:: ASSIGNED TASK ::
Reproduce everything from the line that contains "Piękne kobiety Himba" down to the line that contains "Sac à dos femme" in the listing below, word for word and nothing more. Leave the pictures out.

:: DATA FOR THIS EXERCISE ::
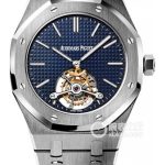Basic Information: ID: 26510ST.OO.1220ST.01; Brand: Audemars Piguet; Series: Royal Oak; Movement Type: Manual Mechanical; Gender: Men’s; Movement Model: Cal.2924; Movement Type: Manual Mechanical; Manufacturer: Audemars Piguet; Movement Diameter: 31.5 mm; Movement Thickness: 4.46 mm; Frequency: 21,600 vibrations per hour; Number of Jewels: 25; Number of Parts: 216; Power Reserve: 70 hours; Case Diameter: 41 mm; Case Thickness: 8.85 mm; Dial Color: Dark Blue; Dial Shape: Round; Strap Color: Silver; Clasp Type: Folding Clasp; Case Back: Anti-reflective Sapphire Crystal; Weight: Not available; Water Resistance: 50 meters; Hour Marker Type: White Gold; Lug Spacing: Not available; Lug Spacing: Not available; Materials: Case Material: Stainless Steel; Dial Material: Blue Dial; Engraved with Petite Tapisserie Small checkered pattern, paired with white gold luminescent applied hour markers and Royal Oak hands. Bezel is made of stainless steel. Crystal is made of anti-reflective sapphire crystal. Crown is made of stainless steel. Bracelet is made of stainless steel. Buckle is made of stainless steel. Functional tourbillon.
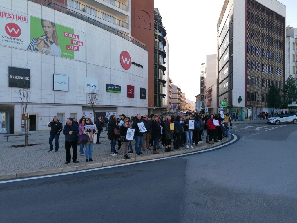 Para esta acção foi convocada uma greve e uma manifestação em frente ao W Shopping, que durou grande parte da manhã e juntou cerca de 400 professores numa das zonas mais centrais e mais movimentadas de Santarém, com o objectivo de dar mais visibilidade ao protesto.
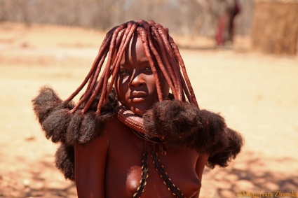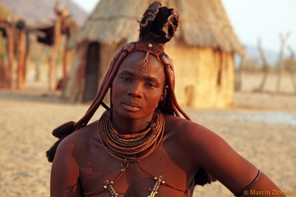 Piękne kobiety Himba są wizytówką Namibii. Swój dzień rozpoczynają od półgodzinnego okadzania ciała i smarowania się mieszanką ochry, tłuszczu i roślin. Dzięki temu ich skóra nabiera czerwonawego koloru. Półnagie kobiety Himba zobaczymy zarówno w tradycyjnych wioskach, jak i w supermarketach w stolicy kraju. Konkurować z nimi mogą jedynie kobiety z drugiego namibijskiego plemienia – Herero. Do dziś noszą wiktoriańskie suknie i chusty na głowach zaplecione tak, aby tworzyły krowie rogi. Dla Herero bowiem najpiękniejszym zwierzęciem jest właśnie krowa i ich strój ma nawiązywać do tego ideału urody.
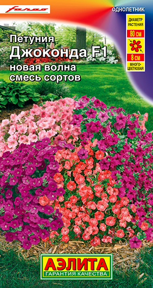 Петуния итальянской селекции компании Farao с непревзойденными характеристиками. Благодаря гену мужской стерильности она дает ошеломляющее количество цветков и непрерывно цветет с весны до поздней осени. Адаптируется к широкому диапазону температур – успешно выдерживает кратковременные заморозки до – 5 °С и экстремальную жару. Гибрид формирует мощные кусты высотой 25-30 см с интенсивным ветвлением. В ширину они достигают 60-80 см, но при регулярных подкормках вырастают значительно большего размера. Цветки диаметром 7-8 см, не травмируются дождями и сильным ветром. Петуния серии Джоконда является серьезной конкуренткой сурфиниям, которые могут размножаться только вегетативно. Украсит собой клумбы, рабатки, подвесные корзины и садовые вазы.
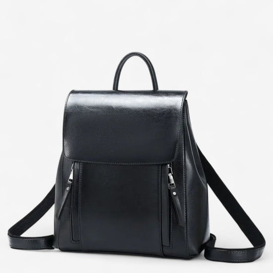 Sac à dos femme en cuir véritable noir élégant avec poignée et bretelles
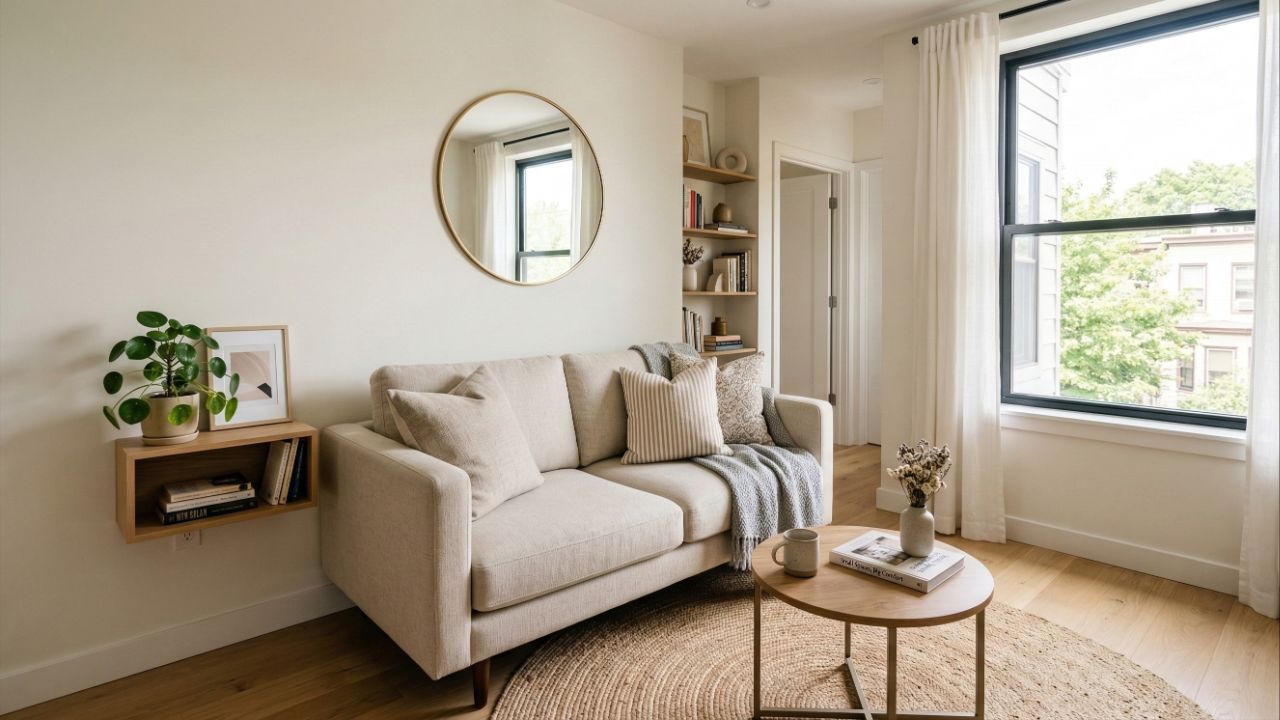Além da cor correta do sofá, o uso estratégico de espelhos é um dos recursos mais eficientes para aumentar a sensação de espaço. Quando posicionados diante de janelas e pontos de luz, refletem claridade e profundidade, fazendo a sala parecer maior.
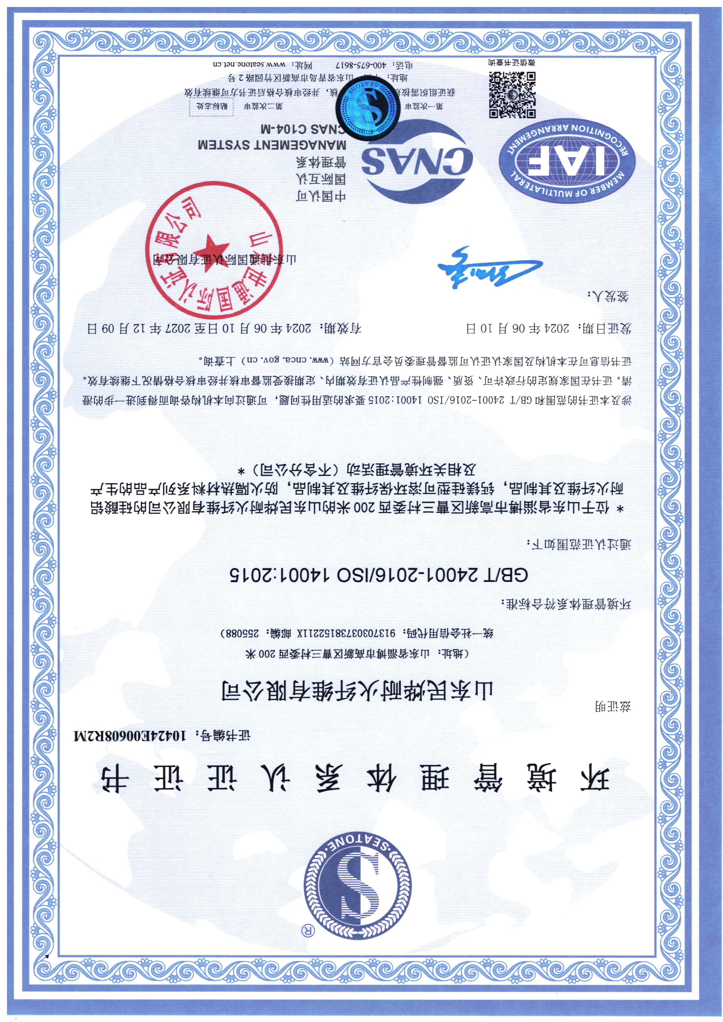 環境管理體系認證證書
...
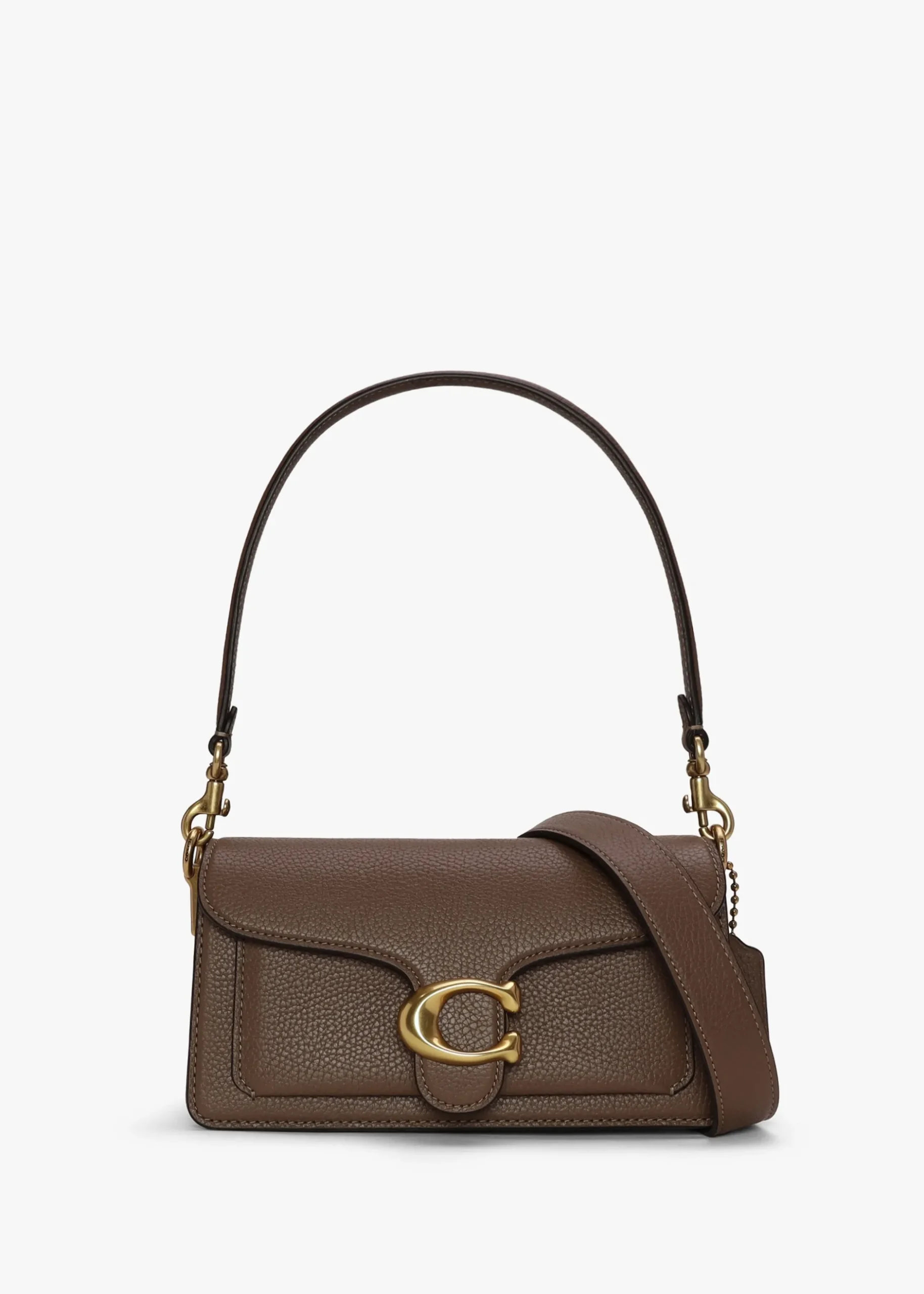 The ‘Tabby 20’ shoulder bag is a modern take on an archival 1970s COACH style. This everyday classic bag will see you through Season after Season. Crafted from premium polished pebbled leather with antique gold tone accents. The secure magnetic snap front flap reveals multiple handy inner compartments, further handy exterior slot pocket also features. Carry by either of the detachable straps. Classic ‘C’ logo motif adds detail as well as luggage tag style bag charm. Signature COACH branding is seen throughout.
* * *
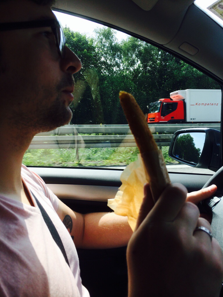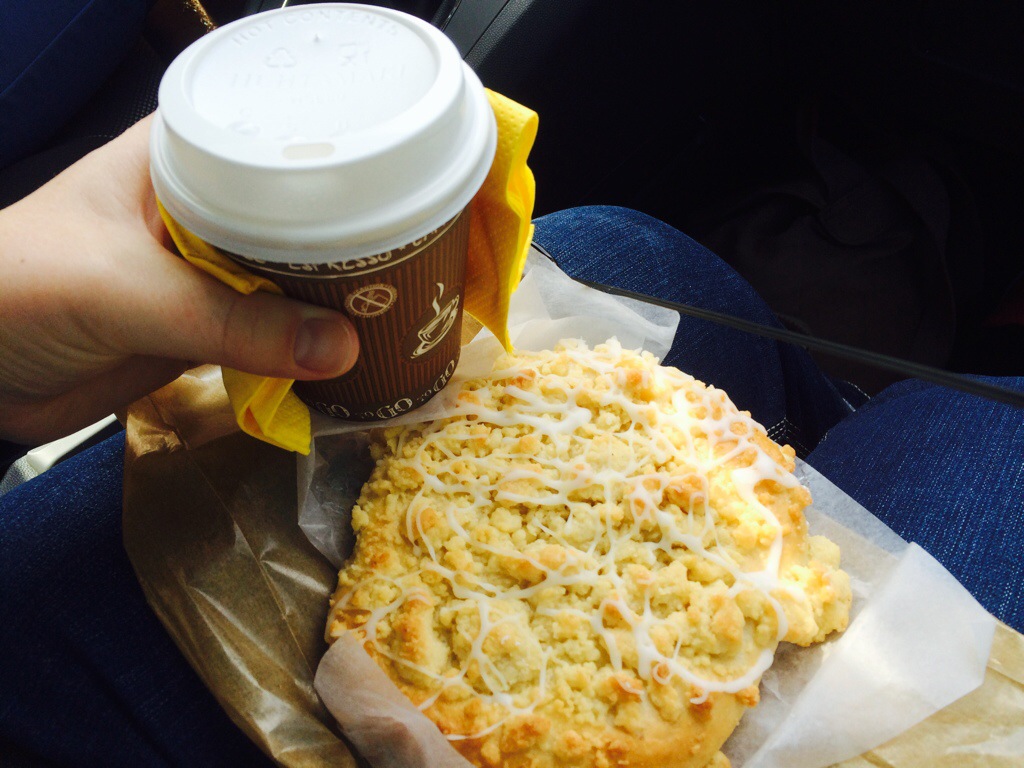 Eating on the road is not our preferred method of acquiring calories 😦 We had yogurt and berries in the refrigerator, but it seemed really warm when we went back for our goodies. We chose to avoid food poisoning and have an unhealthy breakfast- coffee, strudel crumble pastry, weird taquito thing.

:: ANSWER SECTION ::
 Piękne kobiety Himba są wizytówką Namibii. Swój dzień rozpoczynają od półgodzinnego okadzania ciała i smarowania się mieszanką ochry, tłuszczu i roślin. Dzięki temu ich skóra nabiera czerwonawego koloru. Półnagie kobiety Himba zobaczymy zarówno w tradycyjnych wioskach, jak i w supermarketach w stolicy kraju. Konkurować z nimi mogą jedynie kobiety z drugiego namibijskiego plemienia – Herero. Do dziś noszą wiktoriańskie suknie i chusty na głowach zaplecione tak, aby tworzyły krowie rogi. Dla Herero bowiem najpiękniejszym zwierzęciem jest właśnie krowa i ich strój ma nawiązywać do tego ideału urody.
 Петуния итальянской селекции компании Farao с непревзойденными характеристиками. Благодаря гену мужской стерильности она дает ошеломляющее количество цветков и непрерывно цветет с весны до поздней осени. Адаптируется к широкому диапазону температур – успешно выдерживает кратковременные заморозки до – 5 °С и экстремальную жару. Гибрид формирует мощные кусты высотой 25-30 см с интенсивным ветвлением. В ширину они достигают 60-80 см, но при регулярных подкормках вырастают значительно большего размера. Цветки диаметром 7-8 см, не травмируются дождями и сильным ветром. Петуния серии Джоконда является серьезной конкуренткой сурфиниям, которые могут размножаться только вегетативно. Украсит собой клумбы, рабатки, подвесные корзины и садовые вазы.
 Sac à dos femme en cuir véritable noir élégant avec poignée et bretelles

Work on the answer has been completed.